Rodrigo Silva Müller humanizes medicine in a book that challenges myths about the profession

Rodrigo Silva Müller

In “What goes on in a doctor’s head?”, the radiologist Rodrigo Silva Müller offers a humorous reflection on the behind-the-scenes aspects of contemporary medicine, breaking with the image of the infallible specialist. Through chronicles that move between daily hospital life, the influence of social media, and the challenges of the digital age, the author reveals the contradictions, pressures, and dilemmas faced by healthcare professionals.
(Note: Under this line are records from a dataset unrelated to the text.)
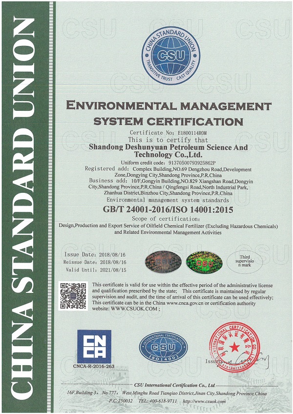 On August 19, 2020, the notice from CSU INTERNATIONAL CERTIFICATION CO., LTD., shows that Shandong Deshunyuan Petroleum Sci& Tech. Co., Ltd has successfully passed the second external supervision and audit of quality, environment and occupational health and safety management system certification. The management systems meet the requirements of standard, therefore the company will continue to maintain the certifications registration qualification, and the certificates continue to be valid as well.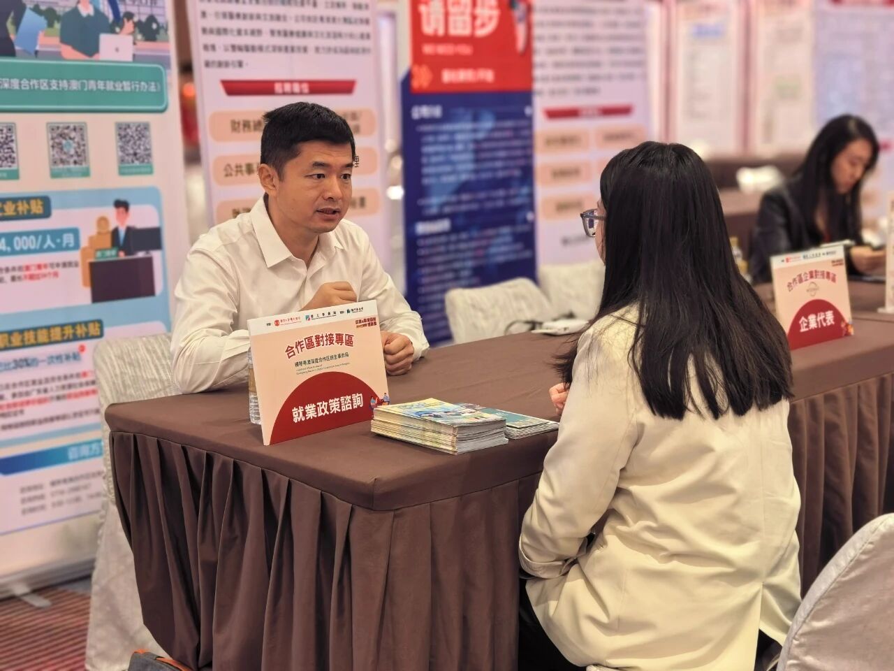 为进一步服务有意在合作区求职的澳门青年,活动现场设置“合作区政策咨询专区”,提供一对一咨询,重点推介合作区支持澳门青年就业补贴、人才生活补贴等相关政策,并介绍“澳门居民招聘专区”“广东公共求职招聘服务平台”等线上招聘渠道,推动“线上+线下”服务融合。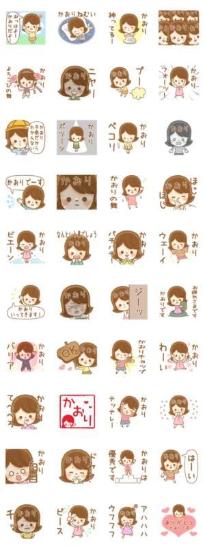 かおりちゃんが使うスタンプです。香織、香里、佳織、圭織、可織、果生莉、佳保里、加織、花織、薫、佳織、圭織など全国のかおり専用のスタンプです

In an interview, Müller discusses the need to reclaim the human dimension of care in a scenario increasingly marked by algorithms, bureaucracy, and misinformation.

“What goes on in a doctor’s head?” stems from a clear desire to dismantle the image of the unwavering and distant doctor. At what point did you feel it was time to trade the pedestal for a more honest and human conversation?

In truth, there wasn’t a single moment when I decided to trade the pedestal for a more honest conversation; it was more of a succession of small annoyances over time. I began to realize that the way medicine appears in the media, on social networks, and even in informal conversations doesn’t quite correspond to what we experience in our daily lives. There’s this idea of ​​a doctor as someone always confident, always right, almost immune to doubt, and that’s simply not true. Gradually, I started writing texts about very concrete situations from our routine and realized that, even though they were different stories, they all revolved around the same tensions: our relationship with the human body, with the patient, with the disease, and with our own limitations. The book’s title stems from this, not from a ready-made answer, but from an attempt to show this thought in motion, less on a pedestal and more behind the scenes.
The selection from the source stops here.